Today was the first of many meetings where most of my responses will inevitably be some variation of “I don’t know.” This is the time of year when I approach peak bureaucrat-ing. It’s a close run contest to decide whether I’ll respond “don’t know” or “that depends” more often over the the next few months.

The never-ending presidential election cycle…

It’s January 2018 and as far as I can tell, 47 people have already declared themselves candidates for president. For the 2020 election cycle. For an election that is still 21 months away. 

I would honestly rather be kicked in the testicles once a day from now until November 10, 2020 than listen to any of these hopefuls spend the next too many months screaming “look at me, look at me” in their pursuit of their fifteen minutes in the national spotlight. 
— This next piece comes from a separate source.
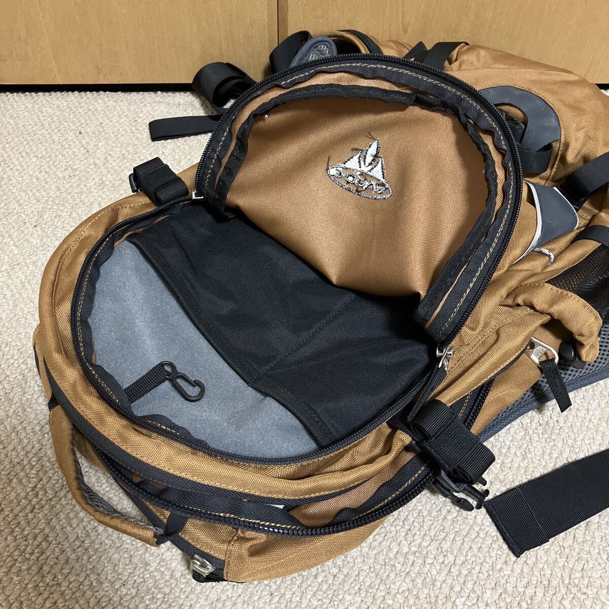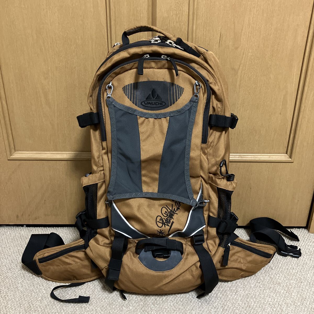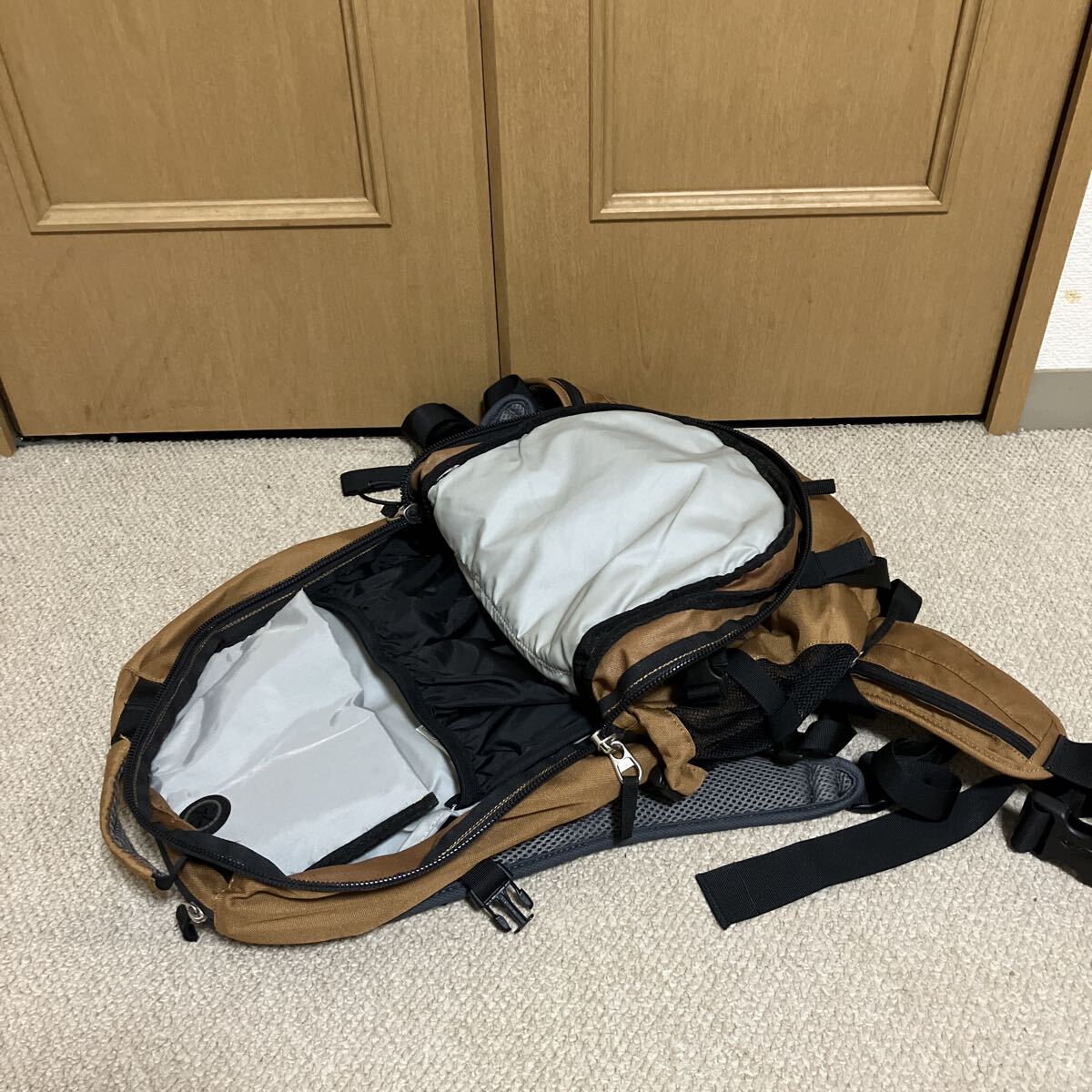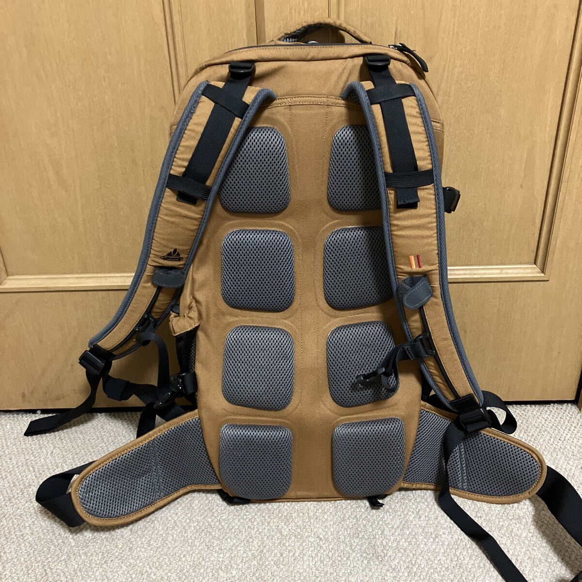 背面に樹脂補強が入っていて、転倒時の背骨の保護機能有り。形状が保持され、荷物が探しやすい利点も有り。

It’s not that I’m disinterested in politics, it’s just that in January of the year before a scheduled election, I’m not interested in paying attention. No one giving their stump speech to a sparse crowd in the depths of an Iowa winter is going to convince me to change policy positions I’ve held my entire life. What on earth do I have to gain from listening to them at this point other than a few extra points the next time someone decides to take my blood pressure?

For an election on the national stage, I’m not paying all that much attention until about a month before the Maryland primary. The candidates still in the race at that point are the ones who might have a chance of being my party’s nominee, whose positions I will actually need to consider before casting my ballot. 

There’s no way you’re ever going to convince me that the ones out there jibber jabbering now are out to do anything more than hear themselves talk. With the limited time and attention I have available, I can promise you I won’t be spending it on indulging them.